Вот в таком контексте жизнь и творчества Ххармса уже не выглядят абсурдистскими. Нет, это была сознательная работа — как литературная и творческая, так и мистическая, а на их стыке — мифотворческая и, видимо, ритуальная. Впрочем, о ритуализме придется сделать несколько дополнительных замечаний ниже. Но, наверное, самое активное, чем Хармс занимался кроме литературного творчества, так это мифотворчество. В частности, создание личного мифа через миф о рождении и через именование.

Миф о необычном рождении — одна из мощнейших мифологем для любой легендарной фигуры. Христос был зачат непорочно и рожден в хлеву, с явлением ведомых звездой волхвов с подарками. Рождение Будды ознаменовал чудесный сон, растолкованный браминами и предопределивший его судьбу. Моисей хитростью своих родителей избежал убийства слугами фараона и стал его названным внуком, живя в собственной семье как в чужой, etc, etc, etc.

Колпаков, видимо, решил, что ограничиваться одним мифом о рождении как-то банально, так что до нас дошло минимум три. Все они шуточные и нешуточные одновременно. В 1934 году он пишет о рождении сродни Моисеевому, которого мать также родила и положила на воду:

Я родился в камыше. Как мышь. Моя мать меня родила и положила в воду. И я поплыл. Какая то рыба с четырмя усами на носу кружилась около меня. Я заплакал. И рыба заплакала. Вдруг мы увидели, что плывёт по воде каша. Мы съели эту кашу и начали смеяться. Нам было очень весело, мы поплыли по течению и встретили рака. Это был древний, великий рак; он держал в своих клешнях топор. За раком плыла голая лягушка. «Почему ты всегда голая, – спросил её рак, – как тебе не стыдно?» «Здесь ничего нет стыдного – ответила лягушка. – Зачем нам стыдиться своего хорошего тела, данного нам природой, когда мы не стыдимся своих мерзких поступков, созданных нами самими?» «Ты говоришь правильно, – сказал рак. – И я не знаю, как тебе на это ответить. Я предлогаю спросить об этом человека, потому что человек умнее нас. Мы же умны только в баснях, которые пишет про нас человек, т.-ч. и тут выходить, что опять таки умён человек, а не мы». Но тут рак увидел меня и сказал: «Да и плыть никуда не надо, потому что вот он – человек». Рак подплыл ко мне и спросил: «Надо ли стесняться своего голого тела? Ты человек и ответь нам». «Я человек и отвечу вам: не надо стесняться своего голого тела».
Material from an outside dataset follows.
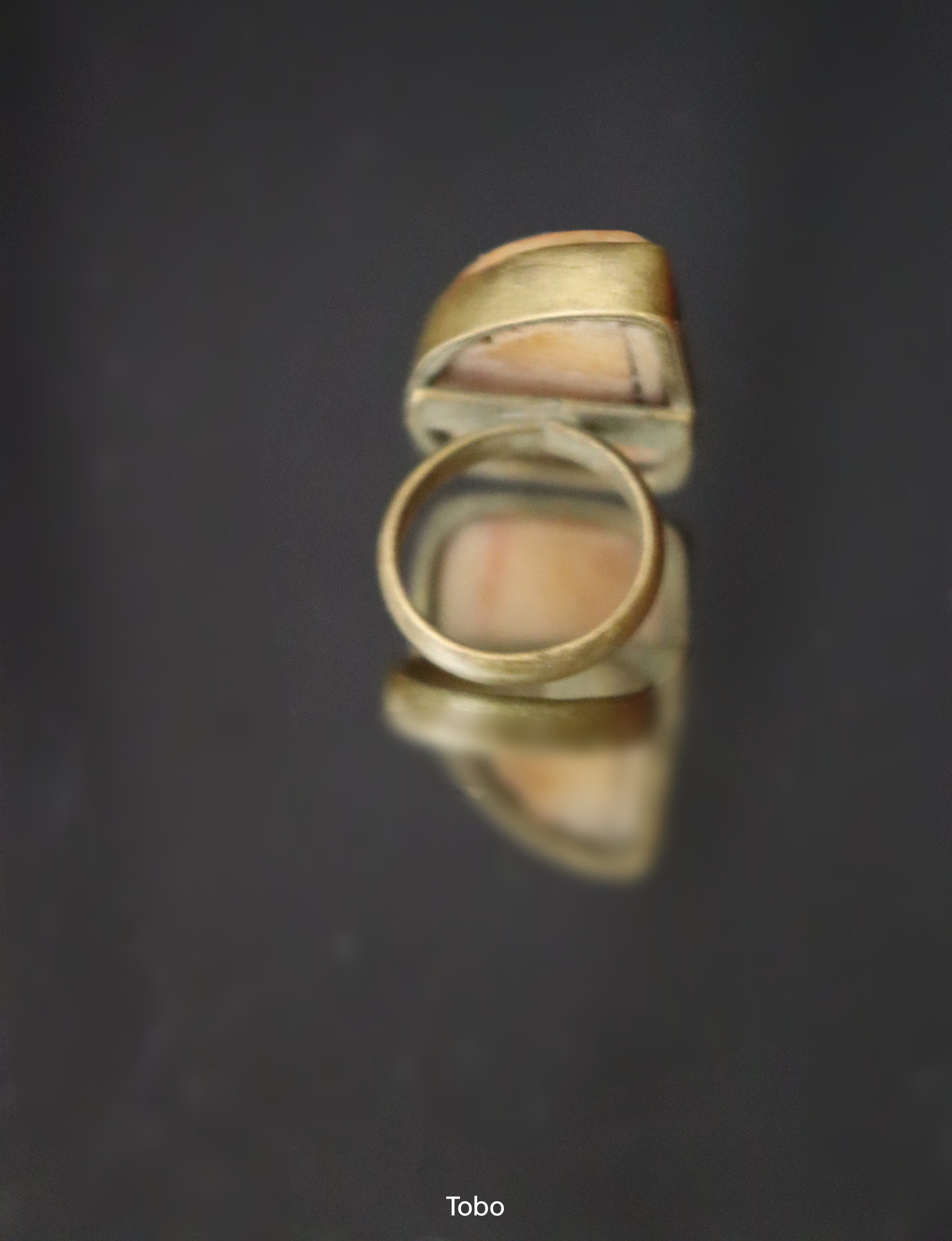 Handmade upcycled Brass statement ring made with semi-precious stones.

Моисей значит «вынутый из воды» — учитывая, какое значение эта стихия имела для Васи Мохова, приближение к такой фигуре через общий миф приобретает новый смысл. Кроме того, новорожденный делит пищу с обитательницей божественной стихии, общается с хтоническими тварями. Оба животных – лиминальные, жители и суши, и воды, как, возможно, и пророк – одновременно житель мира людей и божественного мира. И лягушку (вообще традиционный ведьмовской фамильяр), и «древнего, великого рака с топором» ребенок даже наставляет в мудрости. Кажется, этот герой получается не только Моисеем, но одновременно и Адамом.
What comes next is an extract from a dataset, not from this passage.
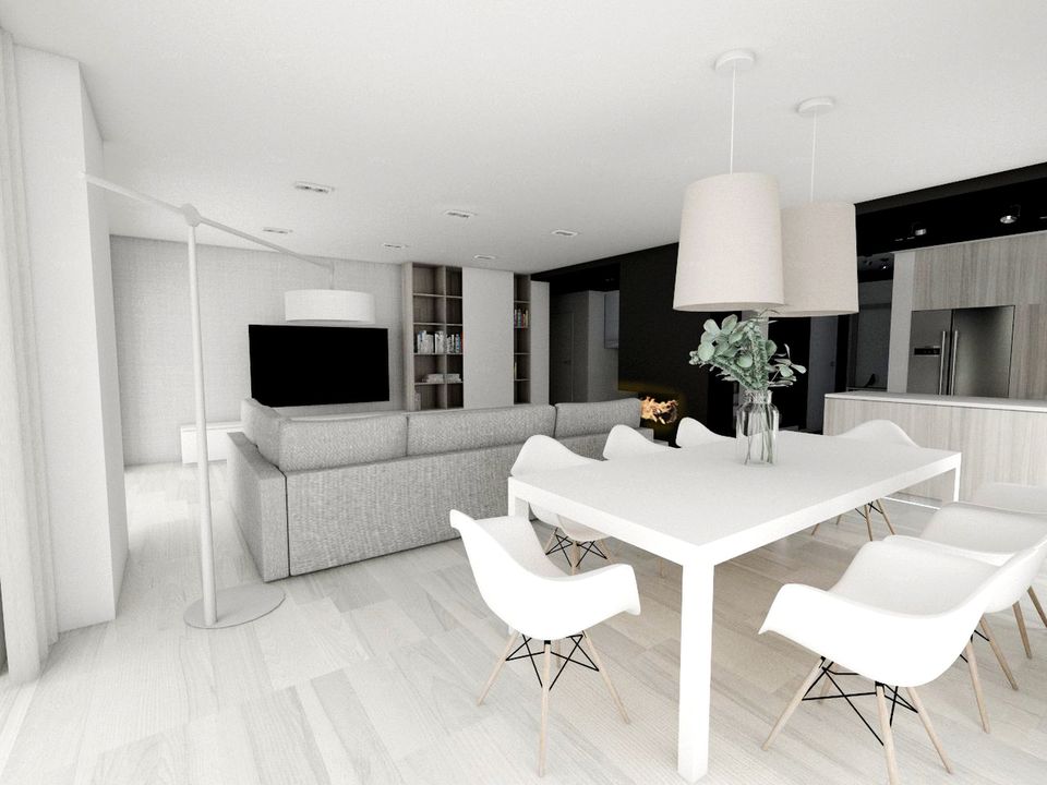 Graficzne opracowanie rzutów poglądowych widocznych na karcie projektu zostało wykonane przez Extradom.pl. Prezentowane przez Extradom.pl wizualizacje wykonane zostały przez autora projektu i należy poczytywać je jedynie za przykład i propozycję wykończenia, wizję architektoniczną autora projektu. Ostateczne wykończenie budynku może nastąpić na wiele sposobów. Szczegółowe rozwiązania zastosowane w oferowanej dokumentacji - w tym również ilość, lokalizacje i wygląd okien, drzwi, kominów - mogą w niewielkim stopniu różnić się od prezentowanej wizualizacji budynku.

Самый известный рассказ о рождении Веры, Надежды, Любви, Софии написан им в следующем, 35-м году. Кажется, он совершенно абсурдистский, но это, как почти всегда бывает у Дани, не так.

…Мой папа женился на моей маме в 1902 году, но меня мои родители произвели на свет только в конце 1905 года, потому что папа пожелал, чтобы его ребенок родился обязательно на Новый год. Папа рассчитал, что зачатие должно произойти 1-го апреля и только в этот день подъехал к маме с предложением зачать ребенка.
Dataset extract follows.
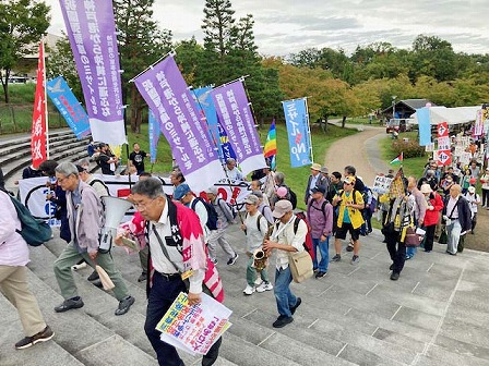 第3部ピースパレードは公園を反時計まわりで1周する約1・7qのコースだ。この時、会場周辺をまわっていた右翼の街宣車はいなくなっていた。プラカードを掲げた長い隊列が続き、会場を出るのに時間がかかる。周辺の住宅からは、家の前に出てきて手を振ってくれる人、2階窓から手を振る人もいた。

Первый раз папа подъехал к моей маме 1-го апреля 1903-го года. Мама давно ждала этого момента и страшно обрадовалась. Но папа, как видно, был в очень шутливом настроении и не удержался и сказал маме: «С первым апрелем!»

Мама страшно обиделась и в этот день не подпустила папу к себе. Пришлось ждать до следующего года.

В 1904 году, 1-го апреля, папа начал опять подъезжать к маме с тем же предложением. Но мама, помня прошлогодний случай, сказала, что теперь она уже больше не желает оставаться в глупом положении, и опять не подпустила к себе папу. Сколько папа ни бушевал, ничего не помогло.

И только год спустя удалось моему папе уломать мою маму и зачать меня.

Итак мое зачатие произошло 1-го апреля 1905 года.

Однако все папины расчеты рухнули, потому что я оказался недоноском и родился на четыре месяца раньше срока.

Папа так разбушевался, что акушерка, принявшая меня, растерялась и начала запихивать меня обратно, откуда я только что вылез.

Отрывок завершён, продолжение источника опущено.